The EGFR tyrosine kinase inhibitor (TKI) dacomitinib showed superior overall survival (OS) vs gefitinib in patients with treatment-naïve EGFR-positive non-small-cell lung cancer (NSCLC) in the final analysis of the ARCHER 1050 study.

The results make dacomitinib the first EGFR TKI to show a significant OS benefit over another EGFR TKI in a randomized head-to-head comparison in this context. [Mok T, et al, ASCO 2018, abstract 9004; J Clin Oncol 2018, doi: 10.1200/JCO.2018.78.7994]

“In this phase III study, 452 patients with Eastern Cooperative Oncology Group performance status of 0 or 1 and newly diagnosed advanced NSCLC with activating EGFR mutations were randomized to receive the second-generation EGFR TKI dacomitinib 45 mg/day or the standard-of-care first-generation EGFR TKI gefitinib 250 mg/day,” said investigator Professor Tony Mok of the Chinese University of Hong Kong, Hong Kong.

The primary analysis, reported previously, showed a significant 41 percent PFS improvement with dacomitinib vs gefitinib (median PFS, 14.7 months vs 9.2 months; hazard ratio [HR], 0.59). [Lancet Oncol 2017;18:1454-1466]

The present final OS analysis showed a significant 24 percent OS improvement in patients receiving dacomitinib vs gefitinib (median OS, 34.1 months vs 26.8 months; HR, 0.76; p=0.0438). The 30-month OS rate was 56.2 percent in the dacomitinib arm vs 46.3 percent in the gefitinib arm.

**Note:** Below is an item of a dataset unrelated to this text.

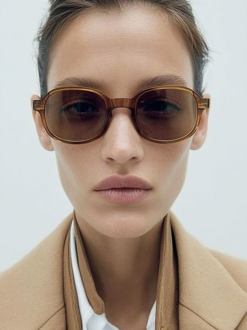 5.Солнцезащитные очки простой формы – незаменимый аксессуар, придающий завершенности даже самому простому образу. Четкая геометрия и минималистичный дизайн обеспечивают долговечность такой модели и позволяют легко интегрировать ее в любой гардероб.
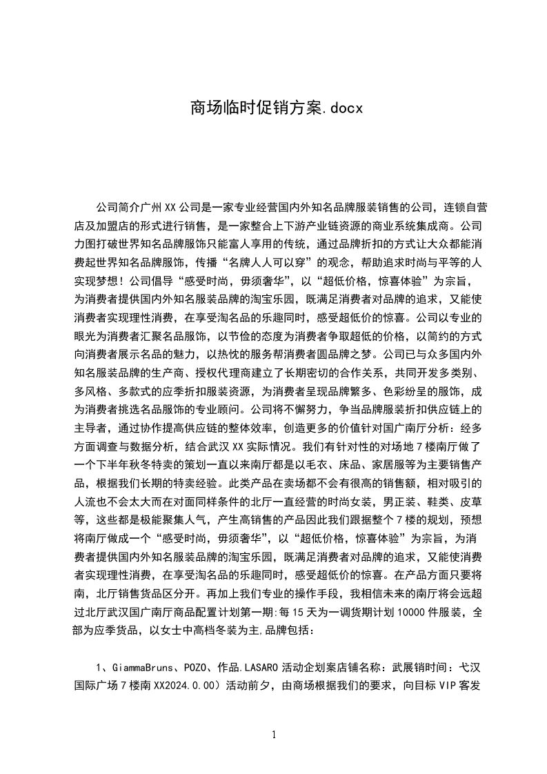 因公司业务所需,甲方同意安排乙方在超市促销岗位工作。本协议有效期为两个月,于 20xx年9月1日生效,至20xx年10月31日终止。

One patient in the dacomitinib arm and 11 patients in the gefitinib arm developed brain metastases as the primary site of progression.

“Although the study was not powered to test interaction, preliminary subgroup OS analyses by baseline characteristics were generally consistent with the primary OS analysis,” noted Mok. “In the Asian subgroup, for example, the median OS was 34.2 months with dacomitinib vs 29.1 months with gefitinib [HR, 0.812; p=0.1879].”

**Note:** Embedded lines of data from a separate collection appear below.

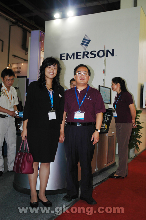 艾默生過程控製有限公司市場部高級經理林永春先生(右一)與中華工控網工作人員(左一)合影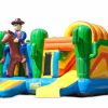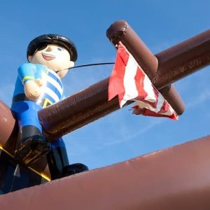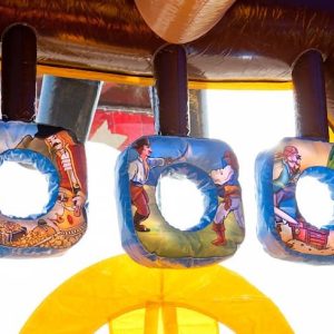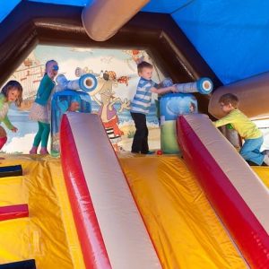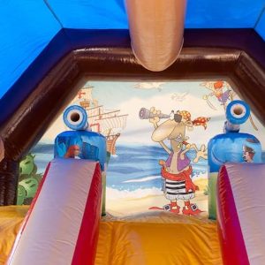Bezorg kinderen de dag van hun leven met de Shooting combo met piraat thema! Bovenaan de glijbaan zitten twee kanonnen waarmee (op luchtdruk van de inflatable) ballen geschoten kunnen worden. Er zijn diverse targets met gaten binnenin, waar de ballen doorheen geschoten kunnen worden. Deze shooting combo met piraat thema is door onze eigen designers ontworpen in een piratenthema en heeft de uitstraling van een echt piratenschip. Binnen is er ruimte om te springen, te spelen en te glijden. Het springkussen heeft de vorm van een groot piratenschip. Op de mast zit een grote 3D piraat. Spring zo snel mogelijk naar binnen, klim via de dubbele klimhelling omhoog en schiet met de shooters op de doeltjes. Daarna kun je via de glijbaan weer naar beneden.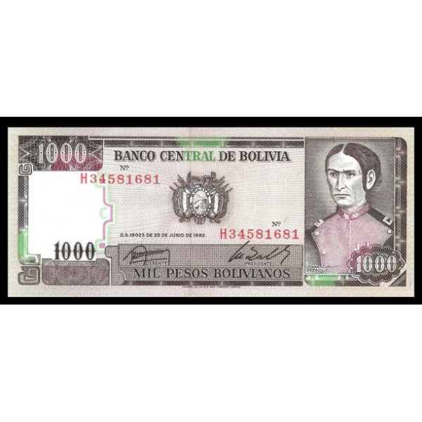 Bolivia Pick. 167 1000 Pesos Bolivianos 1982 EBC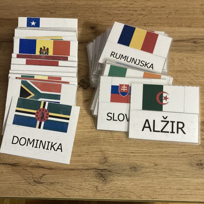 Kartice sa zastavama izrađene ručno, dio (desno na slici) je plastificiran.

Two other studies have compared second- or third-generation EGFR TKIs with first-generation EGFR TKIs. The LUX-Lung 7 study, which compared the second-generation EGFR TKI afatinib with gefitinib, showed significant improvement in PFS (HR, 0.73; p=0.017) but not OS (HR, 0.86; p=0.258). [Lancet Oncol 2016;17:577-589] The OS data of the FLAURA study, which compared the third-generation EGFR TKI osimertinib with gefitinib or erlotinib, were only at 25 percent maturity at the time of the interim analysis. [N Engl J Med 2018;378:113-125]

“In the ARCHER 1050 study, the previously reported significant PFS benefits with dacomitinib vs gefitinib successfully translated into significant OS benefits,” concluded Mok. “Dacomitinib is the first to show a significant OS improvement in a head-to-head comparison with another EGFR TKI in locally advanced or metastatic EGFR-positive NSCLC."

According to the investigators, dacomitinib should be considered one of the standard treatment options for this population. The optimal sequence of therapy, however, remains controversial. Patients with inadequate responses to second-generation EGFR TKIs have an approximately 50 percent chance of developing EGFR T790M mutation, and these patients are likely to benefit from osimertinib. In the present study, the median OS was 36.7 months in patients who received first-line dacomitinib followed by a third-generation EGFR TKI. Nevertheless, these results should be interpreted with caution because the sample size was small.